Now let me tell you something about collecting deer heads. They come off much easier than you'd imagine. A couple of deep penetrating cuts, a good yank (pretend you're pulling a blonde child's teeth), and a twist just so, and there, screwed loose and ready for the mount. When the horns, skull, and blank eyes rest in your lucky little hands, and the blood drips eagerly from its neck stump, nirvana is achieved and you are again erect and involuntarily spouting.
Don't stop there
As long as a single elephant roams the earth, or a bald eagle serenely soars above a majestic peak, you will be there. Whenever a white rhino runs the savanna or a wayward grizzly stalks its prey, you will be there. Wherever a quagga used to roam or a passenger pigeon flew, you would have certainly been there. And when the last lion alive tries to hide wayyyy back inside a wolves den, you'd damn well better be there to put a perfectly aimed piece of metal between its eyes. "King of the Jungle" my ass! Take the shot and the throne, mister.

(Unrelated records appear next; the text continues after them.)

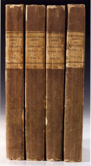 – Published by John Murray, London; 1818; in four volumes: the two Northanger Abbey volumes printed by C. Roworth; the two Persuasion volumes by T. Davison of Lombard St.
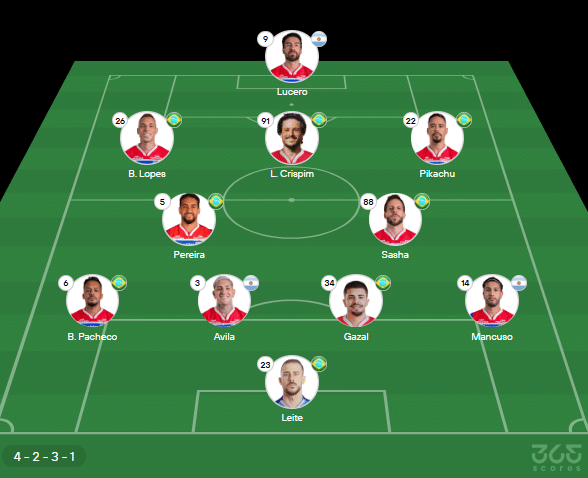 - Provável escalação do Fortaleza: Leite; Mancuso, Gazal, Avila, B Pacheco; Sasha, Pereira, L. Crispim; Pikachu, B. Lopes, Lucero
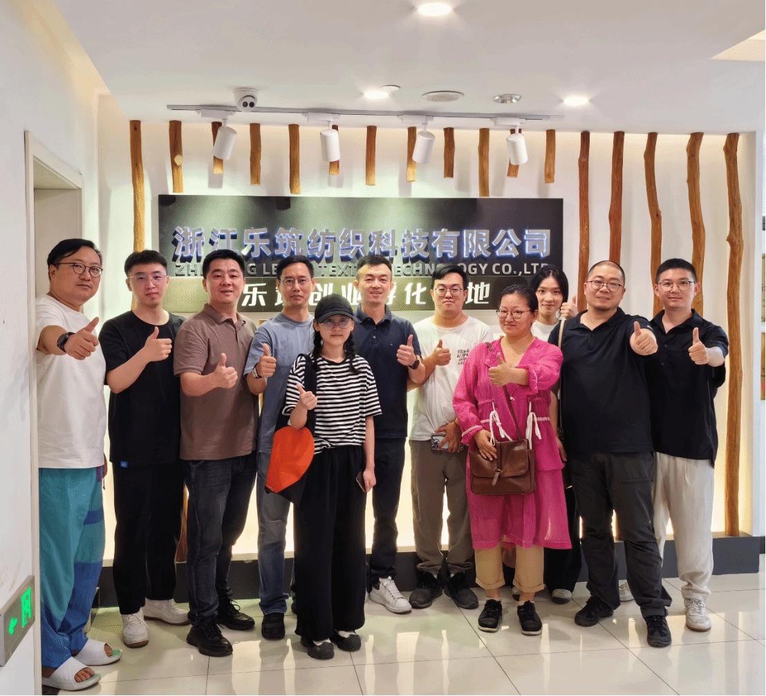 下午3时,团队一行前往浙江乐筑纺织科技有限公司进行访问。这是公司09级退役员工高波于2011年自主创办的科技型企业,主要从事纺织科技的研发及推广、针纺织品批发零售等业务。乐筑纺织凭借其独特的创新能力和敏锐的市场洞察力,在行业内迅速崛起。团队一行参观了公司的生产车间和研发中心,对公司的生产流程和研发实力表示高度赞赏。在座谈会中,双方就纺织品的艺术设计与市场应用、校企合作模式及员工实习就业等问题进行了深入交流,并达成了多项合作共识。
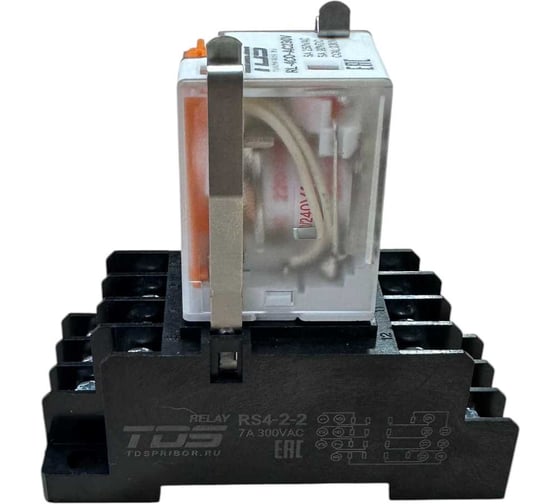 Промежуточное реле с колодкой TDS RS4-2-2, 4 перекидных контакта, AC 230В/5А TDS70205
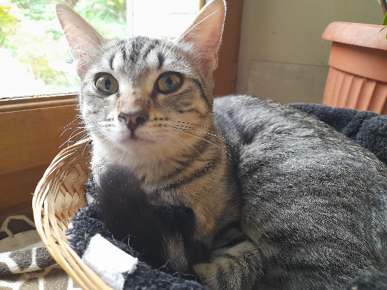 Je suis UMBRELLA une petite chatonne tigrée grise avec de beaux yeux jaunes qui a déjà vécu quelques aventures.

You see, the lure of Big Game is that it's big. It takes up a lot of space on your wall and in your memories than a mere insect or butterfly does. The thrill of bringing down something that could stomp and/or chew you feels like nothing else on earth, except what I imagine sex to be. If an animal the size of your fridge ever lumbers into your killing zone in search of vegetation, quickly end it's useless existence and laugh at the weakness of the cooling corpse.
You are now a man, my son.
The next logical step
The insulting name "Serial Killer" is placed on some collectors, usually those who aren't satisfied with just tiger skins or stuffed Komodo Dragons decorating their living room. By hunkering down and giving the term "Collector" its due by doing away with the most dangerous prey (not to be confused with the least dangerous prey), these affeciados bring the art of the checklist to near perfection. One of the most abundant animals in nature, man, can be found almost anywhere where the environment has been turned into cement or Disney. The skilled collector can sit quietly on any street corner or sidewalk cafe, look around without calling attention to himself, and wait out any layabout, high-roller, or expectent mother shopping for her brood.
Start your hunt by imagining what a particular head will look like after processing. Follow it along its natural trails, and observe where it stops to feed or drop spoor. Never underestimate the joy of spotting what I like to call "Trophy Wall Candidates". Your long wait for just the right one will pay off in the thrilling hours you'll spend with the remains. Be sure to rub the lotion on its skin, and take along plenty of pins.
For the advanced collector
But for the really skilled and dedicated collectors of nature, get elected to your countries presidency. With drones, a personal army and air force, FEMA camps, and an entire gross national product to play with, you can wreck havoc on a foreign nation's yellow swallowtail butterfly population, collect other countries (just think of the game "Risk", only with larger, shinier, and more blood-filled pieces), and gain numerous firm erections as your specimans whimper and fall.
Never mind the cranky dogooders, or the crazy old lady down the block who cries crocodile tears about the damage to her spring planting and/or the extreme loss of innocent life. Just send a couple of Scud missles down the old bat's chimney, claim collateral damage, and, if you'll not the squeamish type, see if there's anything left to mount.
Man, the fun of collecting, it just never stops!